Quba District (; ) is one of the 66 districts of Azerbaijan. It is located in the north-east of the country and belongs to the Guba-Khachmaz Economic Region. The district borders the districts of Qusar, Qabala, Ismayilli, Shamakhi, Shabran, and Khachmaz. Its capital and largest city is Quba. As of 2020, the district had a population of 173,400.

The fertile region surrounding Quba is best known for its production of apples and the city area of Quba is known for its fine carpets.

History 
Quba rose to prominence in the 18th century. In 1747, Nader Shah ruler of the Afsharid Dynasty was assassinated. That same year, Hussein-Ali, the Shah's designated ruler of the region, decided to attempt to unify the Azeri khanates as an independent kingdom. One of his first moves was to relocate his capital from the less defensible Xudat in the Caspian lowlands to Quba where he built a fortress.

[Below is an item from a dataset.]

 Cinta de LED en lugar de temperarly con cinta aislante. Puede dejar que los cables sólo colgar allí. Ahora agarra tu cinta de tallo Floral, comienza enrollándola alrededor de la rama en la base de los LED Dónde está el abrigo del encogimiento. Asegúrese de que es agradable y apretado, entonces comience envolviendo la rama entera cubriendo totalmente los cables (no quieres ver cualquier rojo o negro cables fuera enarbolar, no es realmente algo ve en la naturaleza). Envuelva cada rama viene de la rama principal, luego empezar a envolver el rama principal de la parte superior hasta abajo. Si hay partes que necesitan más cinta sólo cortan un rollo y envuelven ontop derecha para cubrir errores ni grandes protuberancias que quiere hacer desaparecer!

Hussein-Ali died in 1757 and his son Fatali Khan carried on the expansion with Quba reaping the riches of its status as the capital. Some ruins from this period, such as Çirax Qala on the way to Baku, exist today.

However, upon Fatali Khan's death in 1789, the city's fortunes began to turn. In 1806, the khanate was occupied and soon absorbed by the Russian Empire. As a result, the city fell into the background of Azerbaijani history and politics.

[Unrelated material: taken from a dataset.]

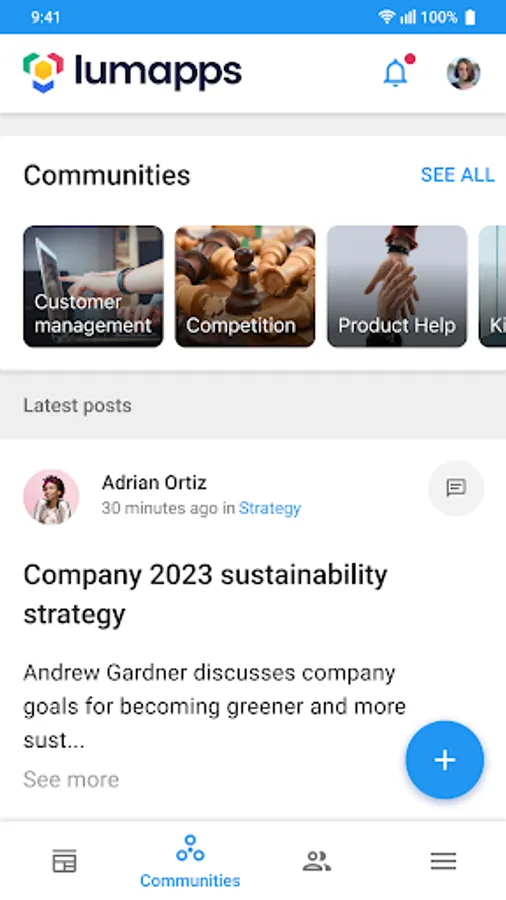 LumApps Mobile app* provides two main views, for targeted information and communities.

The city is home to several historic buildings, including the Juma Mosque (Cuma Məscid or Friday Mosque), Ardabil Mosque (Ərdəbil Məscid) and old hamman (baths).

The region is home to Azerbaijan's largest community of Mountain Jews in the community of Qırmızı Qəsəbə (formerly in , ), located just across the river from Quba City.

Agriculture of Quba 
Guba region has been known for its fruitful gardens since the Soviet era. According to the annual report of the Azerbaijan Statistical Committee, the apple orchards in the Guba-Khachmaz economic region covers nearly 22,000 hectares. About 14,000 hectares of these are in the Guba district.

Apple festival 

Since 2012, every year an apple festival is held in Guba. Compositions, national dances reflecting Azerbaijani custom and traditions, different types of apples, sweets and drinks prepared from apple are demonstrated at the ceremony. Various competitions are held among the gardeners at the "Apple Festival".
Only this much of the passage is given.